Source data
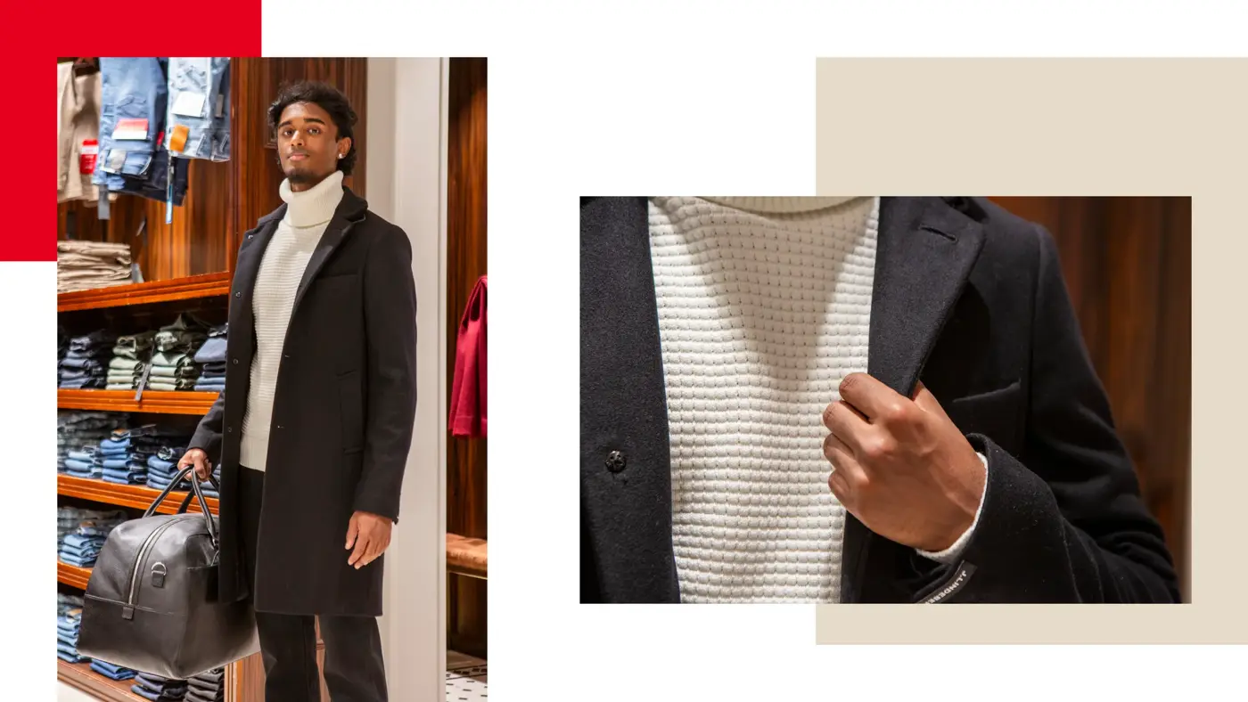 Jeg ser flere sverger til en god ullfrakk over både dressen og en genser. Da kan genseren være alt fra half-zip til en turtleneck, en høyhalset genser. Frakken og genseren jeg bruker her er fra J. Lindeberg.
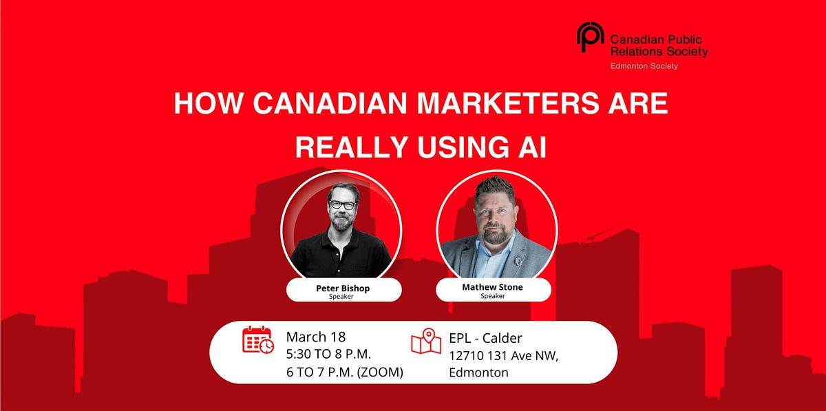 Join CPRS Edmonton, in partnership with ZGM Modern Marketing and Stone-Olafson, for a discussion informed by The AI Marketers Report. This session will explore insights from Canadian research examining how marketers and communicators are engaging with AI tools and technologies.Speakers Peter Bishop, Chief Innovation Officer at ZGM Modern Marketing, and Mathew Stone, Co-founder of Stone-Olafson, will share perspectives from the report and discuss what the findings suggest for professionals working across marketing and communications.The session is designed to provide context and informed perspective for practitioners who want to better understand how AI is being approached within the Canadian marketplace.
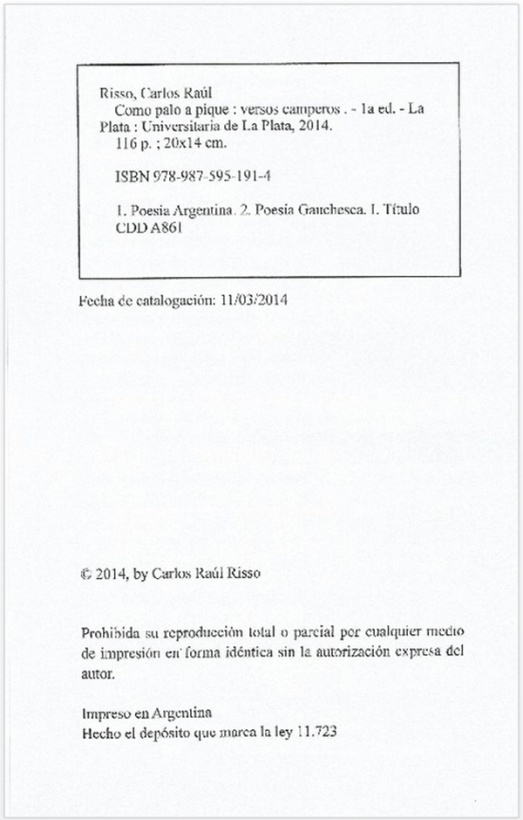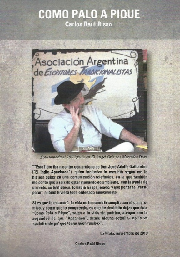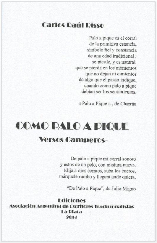 Como el mismo lo dice en la página 8 del libro que aquí comento: "Como Palo a Pique" se divide en cinco partes, partes que no tienen otra pretensión que la de agrupar los compuestos -medianamente- por contenido, las que se titulan: "A lo crioyo", porque hay tareas, actitudes, actividades que hacen a lo campero; "Cavilando", porque nuclea pensamientos y reflexiones; "Crudezas", porque dice de cuestiones duras de la vida; "Danzas", porque agrupa cuatro temas con formato de huella, danza pampeana; y "Del Chasque", sección ésta reservada exclusivamente a las cartas en verso que escribiera entre el 28/3/1992 y el 6/1/1996.
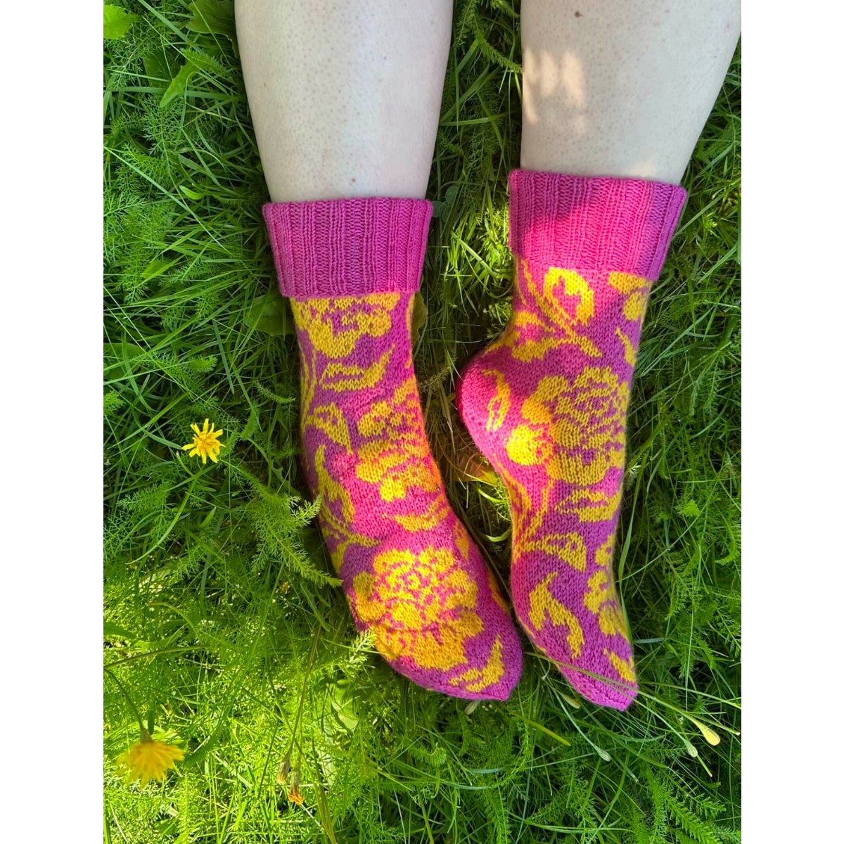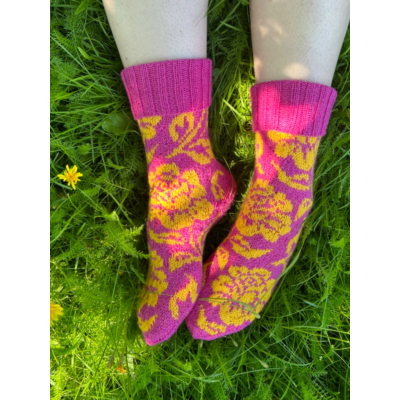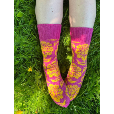 Intiaanikesä-sukkia voit käyttää resori suorana tai käännettynä jos tahdot niihin hieman lyhyemmän varren. Sukat neulotaan kuvan mukaisilla väreillä.
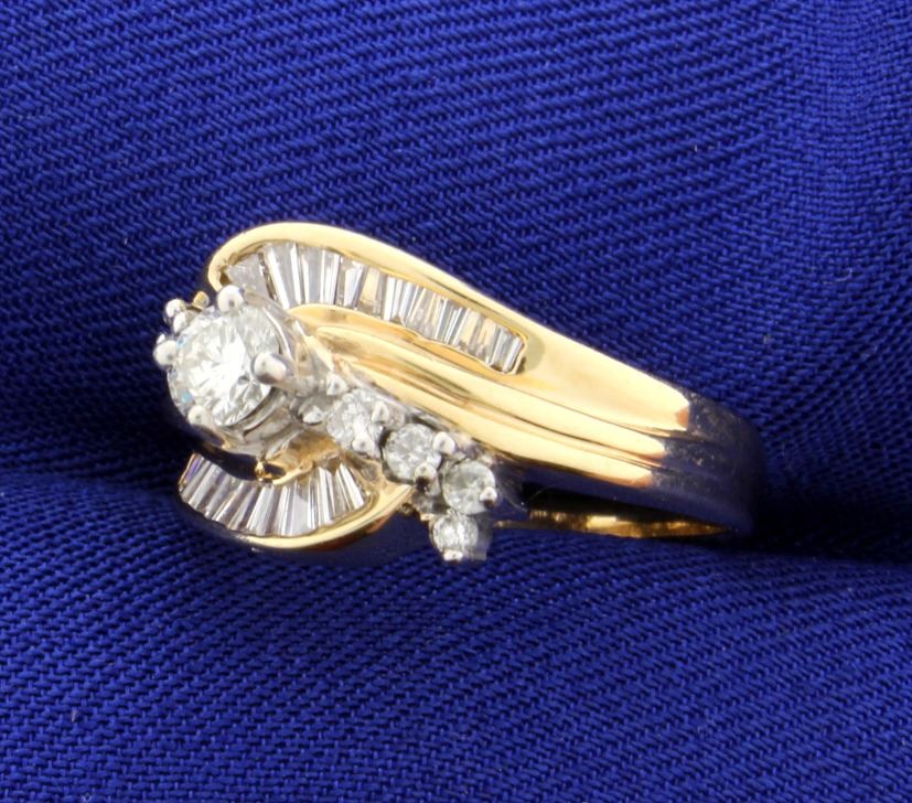 In 14K yellow gold. The center diamond is .3ct and is SI clarity/H color. Surrounded by .2cts of round & .05cts of baguette diamonds, all SI clarity/H color. Size 7 5.9g
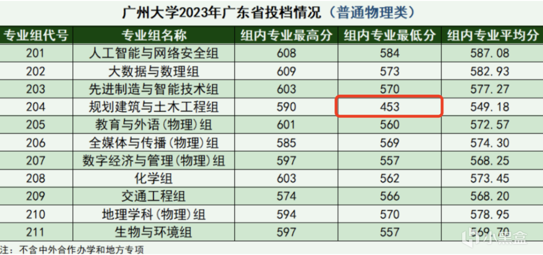 前天,廣州大學公開了“廣州大學 2023 年廣東省投檔情況”,在普通物理類中,土木類的最高分和最低分相差極大,該組最高分爲590分,最低分僅有453分!
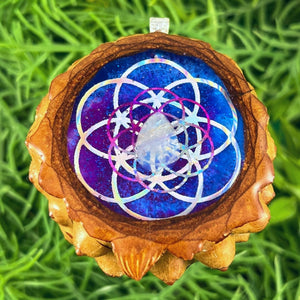 Our handmade pendants are crafted from sustainably wild-gathered Knobcone Pinecones. Every Aura Pinecone is carefully dried, aged, and cross-sectioned before being meticulously designed.
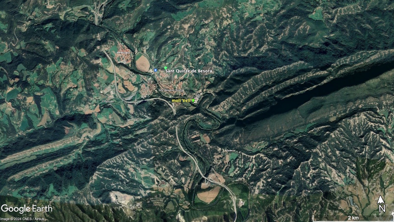 El Molí Vell de Sant Quirze de Besora es trobava a l’extrem d’una gran plana conreada que hi havia abans d’arribar al veïnat de Foradada, on avui hi ha el polígon del mateix nom.
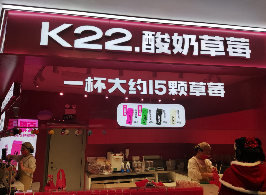 K22.酸奶草莓是成立于2020年的酸奶水果饮品品牌,主打爆品一杯大约15颗草莓的酸奶草莓,热门爆品墨西哥的牛油果的酸奶牛油果,高品质产品,18元不怕比。K22凭独特且专属的粉色与大方杯的品牌标识加上高品质产品而广受好评。
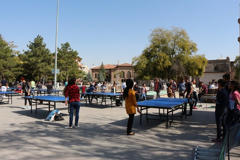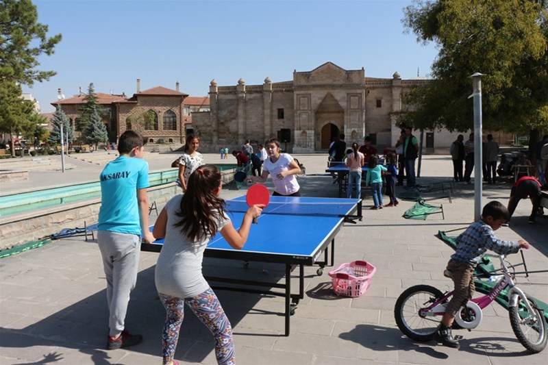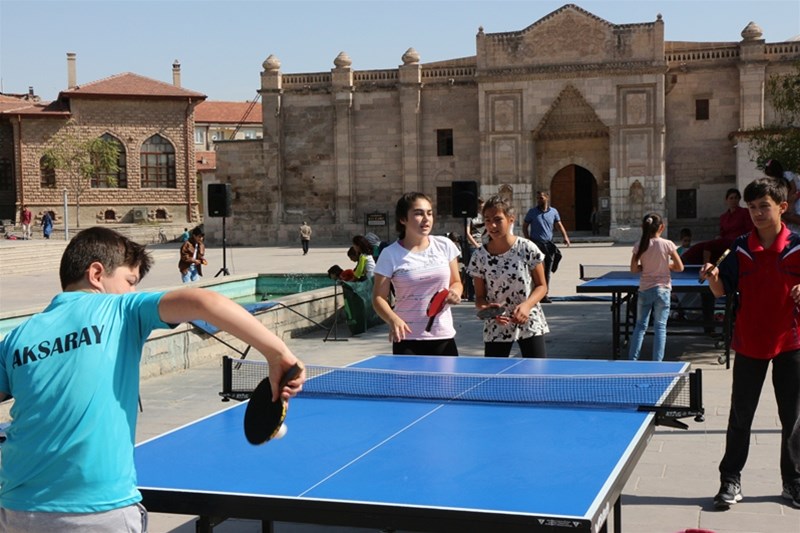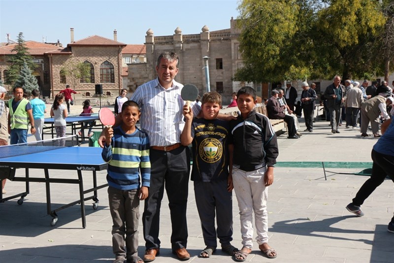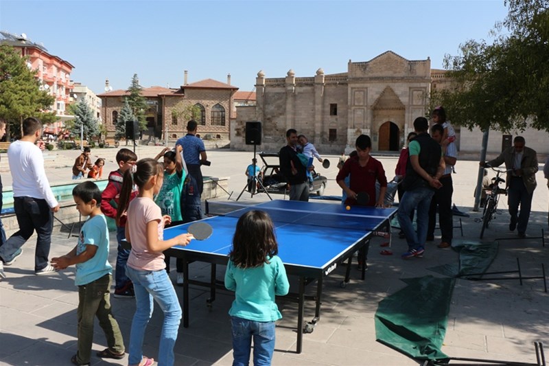 Tarihi mekânlarımızdan olan Ulu Cami önünde düzenlenen etkinlikte küçükten büyüğe herkes masa tenisi oynayarak keyifli zaman geçirdi.

**Problem description**
Return only the line with "El Molí Vell" and the lines after it up to the end of the records, exact and free of pictures.

**Solution to this task**
 El Molí Vell de Sant Quirze de Besora es trobava a l’extrem d’una gran plana conreada que hi havia abans d’arribar al veïnat de Foradada, on avui hi ha el polígon del mateix nom.
 K22.酸奶草莓是成立于2020年的酸奶水果饮品品牌,主打爆品一杯大约15颗草莓的酸奶草莓,热门爆品墨西哥的牛油果的酸奶牛油果,高品质产品,18元不怕比。K22凭独特且专属的粉色与大方杯的品牌标识加上高品质产品而广受好评。
 Tarihi mekânlarımızdan olan Ulu Cami önünde düzenlenen etkinlikte küçükten büyüğe herkes masa tenisi oynayarak keyifli zaman geçirdi.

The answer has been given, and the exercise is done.